Any of you MTBrs that put your bikes away when it snows might want to check this out. It's a kit that turns your back wheel into a track and a ski that takes the place of the front wheel. I've riden in snow before using agressive knobby tires but this looks better. It probably wouldn't turn too quickly though.

http://www.ktrakcycle.com


----------



## Greg (Nov 6, 2008)

I'll be too bust skiing...

Looks.....uhm....interesting though. :lol:


----------



## bvibert (Nov 6, 2008)

Pretty cool looking.  It's actually cheaper than I thought it would be.  I'll be too busy skiing to justify it though.  I doubt we get enough snow down here to really make it worthwhile anyway...


----------



## Marc (Nov 6, 2008)

I've made my own studded tires before.  It's pretty easy to do.


----------



## bvibert (Nov 7, 2008)

Marc said:


> I've made my own studded tires before.  It's pretty easy to do.



I can't imagine it'd be too hard to do.  The tracks look cooler though.  I'd imagine they would have additional float and traction in really deep snow too...


----------



## Johnskiismore (Nov 7, 2008)

Interesting but probably not for me, need more time for skiing


----------



## Marc (Nov 12, 2008)

bvibert said:


> I can't imagine it'd be too hard to do.  The tracks look cooler though.  I'd imagine they would have additional float and traction in really deep snow too...
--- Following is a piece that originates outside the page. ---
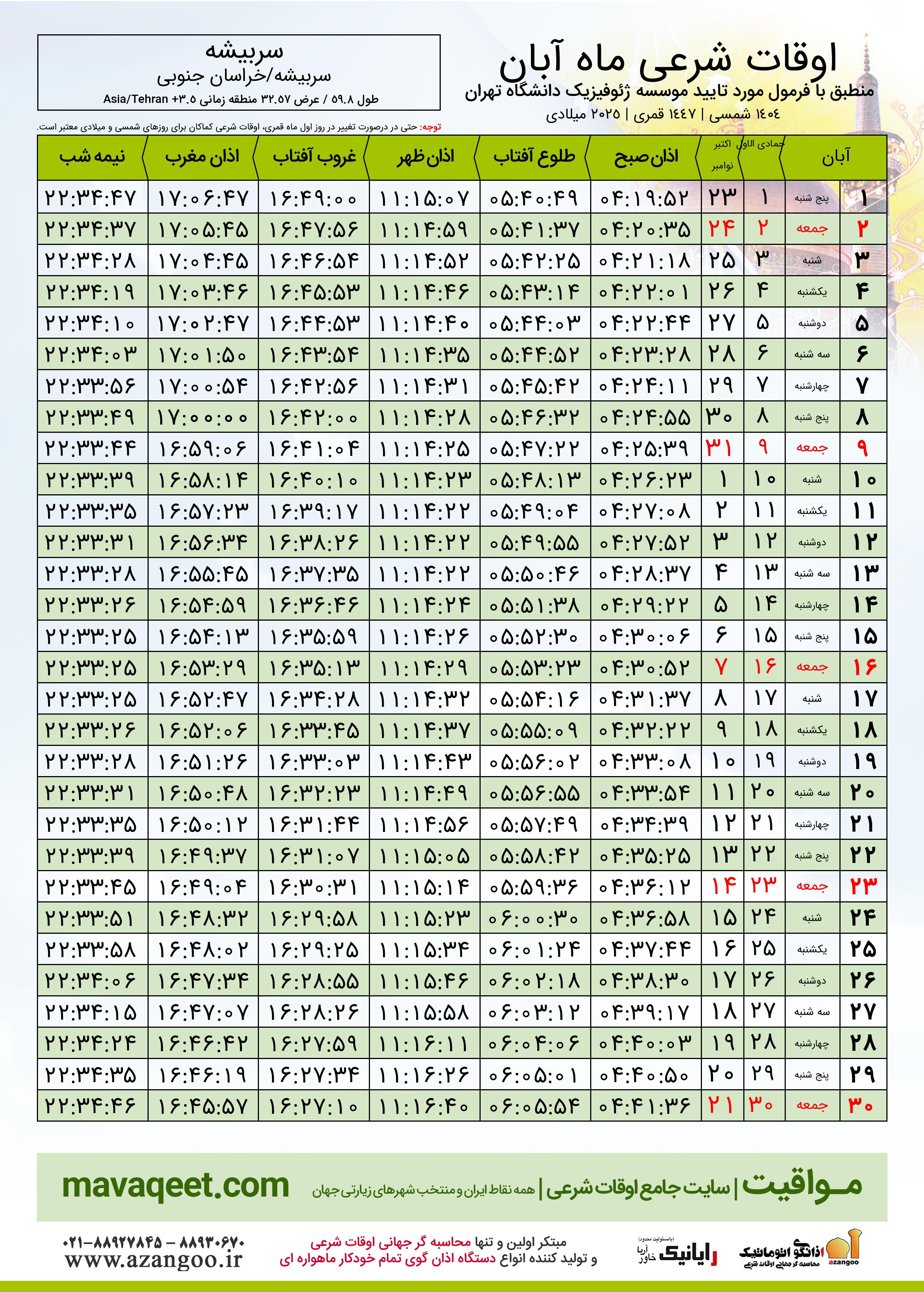 جدول اوقات شرعی آبان ١٤٠٤ شمسی شهر سربیشه

Yeah, well with studs, float is kinda your enemy which limits the depth of snow you can ride in.  For anything under 6" though, especially if it's been blown around, frozen in spots, soft and others, studs rock.  It's quite a cool feeling.


----------



## gorgonzola (Nov 12, 2008)

winter snow machine


----------



## gorgonzola (Dec 29, 2008)

In a few weeks at the blue


----------